Recently I wanted to build a Neural Network from scratch as an exercise to work on the math behind neural networks and also to show that it is relatively easy to create networks in python just using the NumPy module. As a step 2 and in future posts I will continue building up on this knowledge, by showing how to build simple (and later more complex) Neural Networks with the well-known and existing frameworks Pytorch and Tensorflow.

I will use Python as the programming language and many online references that you can find in the reference list of my GitHub repo. There is already great work out there regarding this topic.

Neural Networks

I assume that the reader has some basic knowledge of what Neural Networks are, but just in case the definition from Wikipedia says:

Artificial neural networks, usually simply called neural networks or neural nets, are computing systems inspired by the biological neural networks that constitute animal brains. An ANN is based on a collection of connected units or nodes called artificial neurons, which loosely model the neurons in a biological brain.

The approach:

The network receives input data
Data moves through the layers (forward propagation)
Calculate the error
Backward propagation. We adjust the given parameters of our network.
Usually, it will be the derivative of our error with respect to the parameter
Iterate through that process, depending on the number of batches.

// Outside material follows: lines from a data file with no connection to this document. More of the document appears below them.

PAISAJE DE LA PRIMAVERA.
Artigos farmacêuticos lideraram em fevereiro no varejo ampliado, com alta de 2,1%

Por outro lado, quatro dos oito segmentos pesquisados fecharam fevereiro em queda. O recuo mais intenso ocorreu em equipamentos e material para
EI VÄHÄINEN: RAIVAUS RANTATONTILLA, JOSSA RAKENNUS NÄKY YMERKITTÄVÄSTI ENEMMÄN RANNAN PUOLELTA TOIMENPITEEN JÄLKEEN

Programming of Basic Network

In this Medium post, there is a very good explanation of the mathematical principles behind neural nets and how to implement basic networks. I recommend the reader to follow the tutorial if you are interested in completely building a network from scratch. In my GitHub repository for this post, you can find my implementation of this blog with some code improvements, changes in the project structure also with some additional activation functions.

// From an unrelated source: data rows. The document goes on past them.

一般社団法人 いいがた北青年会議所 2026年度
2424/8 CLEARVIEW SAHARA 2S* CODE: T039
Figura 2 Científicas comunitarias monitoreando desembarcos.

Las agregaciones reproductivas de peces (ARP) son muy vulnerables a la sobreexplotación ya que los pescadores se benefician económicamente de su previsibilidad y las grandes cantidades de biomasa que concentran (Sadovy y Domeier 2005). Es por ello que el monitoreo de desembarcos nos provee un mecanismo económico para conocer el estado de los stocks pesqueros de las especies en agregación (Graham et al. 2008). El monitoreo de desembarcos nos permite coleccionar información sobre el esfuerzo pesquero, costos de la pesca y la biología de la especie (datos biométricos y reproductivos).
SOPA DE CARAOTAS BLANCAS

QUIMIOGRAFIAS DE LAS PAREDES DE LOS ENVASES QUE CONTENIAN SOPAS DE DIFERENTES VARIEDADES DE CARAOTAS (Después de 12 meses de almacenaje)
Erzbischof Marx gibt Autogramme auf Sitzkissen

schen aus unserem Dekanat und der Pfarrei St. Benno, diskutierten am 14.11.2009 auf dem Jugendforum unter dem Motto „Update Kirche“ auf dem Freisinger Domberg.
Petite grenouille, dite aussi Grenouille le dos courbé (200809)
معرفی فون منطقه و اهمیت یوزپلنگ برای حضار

I would like to walk you through the Convolutional Neural Network implementation, as these are some of the most popular Deep Learning networks today, we will revisit these several times in the future when we apply them through well-known frameworks.

Convolutional Neural Network (CNN)

We will try two implementations of CNN one with two convolutional layers and one with just one layer. We will as well compare the results when using different types of activation functions.

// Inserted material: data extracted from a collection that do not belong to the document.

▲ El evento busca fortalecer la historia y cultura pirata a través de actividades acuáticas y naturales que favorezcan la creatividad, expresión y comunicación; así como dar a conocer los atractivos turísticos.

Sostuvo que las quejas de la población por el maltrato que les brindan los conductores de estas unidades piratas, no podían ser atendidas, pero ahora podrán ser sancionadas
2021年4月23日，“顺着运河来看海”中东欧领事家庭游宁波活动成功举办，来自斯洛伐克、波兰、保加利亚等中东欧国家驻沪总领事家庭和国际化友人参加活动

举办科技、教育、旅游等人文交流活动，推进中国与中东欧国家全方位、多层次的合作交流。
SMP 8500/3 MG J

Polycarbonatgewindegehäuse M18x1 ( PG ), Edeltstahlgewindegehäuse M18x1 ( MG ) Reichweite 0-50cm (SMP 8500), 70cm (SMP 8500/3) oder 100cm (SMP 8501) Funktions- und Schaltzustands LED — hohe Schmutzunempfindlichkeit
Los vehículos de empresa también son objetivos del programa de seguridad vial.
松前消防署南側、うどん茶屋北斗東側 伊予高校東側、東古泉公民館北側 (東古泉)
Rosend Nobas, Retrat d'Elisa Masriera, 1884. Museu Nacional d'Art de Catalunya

The architecture of the convolutional layer looks the following way:

With Convolution Layers using the following code for forward and backward propagation:

class ConvolutionLayer(Layer):
    """
    A layer that uses convolution, based on math from
    https://medium.com/@2017csm1006/forward-and-backpropagation-in-convolutional- 
    neural-network-4dfa96d7b37e

    Attributes:
    - input_shape = (i,j,d)
    - kernel_shape = (m,n) size of filter
    - layer_depth = output_depth

    Methods:
    - forward_propagation
    - backward_propagation
    """

    def __init__(
        self,
        input_shape: tuple[tuple[int], tuple[int], int],
        kernel_shape: tuple[int],
        layer_depth: int,
    ) -> None:
        self.input_shape = input_shape
        self.input_depth = input_shape[2]
        self.kernel_shape = kernel_shape
        self.layer_depth = layer_depth
        self.output_shape = (
            input_shape[0] - kernel_shape[0] + 1,
            input_shape[1] - kernel_shape[1] + 1,
            layer_depth,
        )
        self.weights = (
            np.random.rand(
                kernel_shape[0], kernel_shape[1], self.input_depth, layer_depth
            )
            - 0.5
        )
        self.bias = np.random.rand(layer_depth) - 0.5

    def forward_propagation(self, input: np.ndarray[float]) -> np.ndarray[float]:
        self.input = input
        # initialize output to zero
        self.output = np.zeros(self.output_shape)
        for k in range(self.layer_depth):
            for d in range(self.input_depth):
                # use np convolve with valid to not have the zero padding
                self.output[:, :, k] += (
                    signal.correlate2d(
                        self.input[:, :, d], self.weights[:, :, d, k], "valid"
                    )
                    + self.bias[k]
                )
        return self.output

    #
    def backward_propagation(
        self, output_error: np.ndarray[float], learning_rate: float
    ) -> np.ndarray[float]:
        """
        Calculates errors and backprop dE/dW, dE/dB, dE/dY, input error=dE/dX
        """
        in_error = np.zeros(self.input_shape)
        dWeights = np.zeros(
            (
                self.kernel_shape[0],
                self.kernel_shape[1],
                self.input_depth,
                self.layer_depth,
            )
        )
        dBias = np.zeros(self.layer_depth)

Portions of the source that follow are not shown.